The first season of Shudder’s Cursed Films turned the tables on what its own title seemed to suggest, that it was going to be about the supernatural elements at play in the making of certain horror films. Instead, it went for a more noble goal. It sought to debunk the myths and conspiracy theories that haunt certain movies afflicted by a history of tragedy, irresponsible filmmaking, and superstition. Season two of the docuseries is a continuation of this, and it decided to go for one of Hollywood’s (and cinema’s) most treasured films for its opening episode: The Wizard of Oz.

A cursory online search about the supposedly dark secrets contained within the original cuts of 1939’s The Wizard of Oz (dir. by Victor Fleming) will yield a hefty volume of grim hits that promise to reveal the “truth” behind deep backlot rumors concerning hanging munchkins and abusive Hollywood producers that took turns in abusing the movie’s star, Judy Garland, while on set.
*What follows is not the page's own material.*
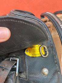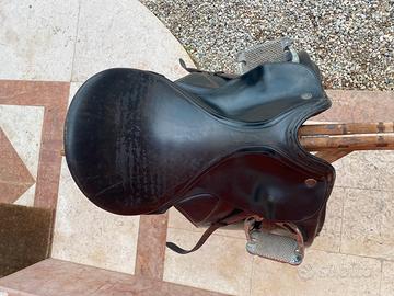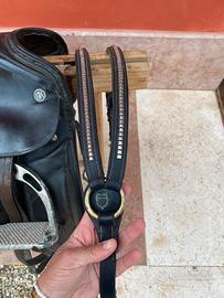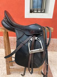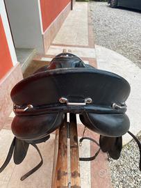 Vendo sella da dressage kieffer, completa di staffe e staffili, con pettorale equestro. La sella è usata, ma in buone condozioni. Presenta qualche normale segno di usura. Arcione perfetto. Veste molto bene cavalli rotondi con garrese non troppo pronunciato. Ho fatto mettere tre ganci sul retro della paletta utili per fissare bisacce o sottocoda in passeggiata. Vendo anche pettorale equestro. Volendo ho doversi sottosella non compresi. Prezzo leggermente trattabile. Preferirei consegnare a mano e non spedire. Per informazioni contattatemi senza impegno.

Cursed Films 2 employs the same approach that made season one such a compelling watch. It goes for an aggressive deconstruction of the very idea of what a cursed film is and why reality, and not superstition, offers the best explanations for the mysteries that’ve latched on to it. Taken as a whole, season one ultimately suggests that films become cursed thanks to fans who want to explain production woes and accidents via the same lore that’s in the content of the movies in question.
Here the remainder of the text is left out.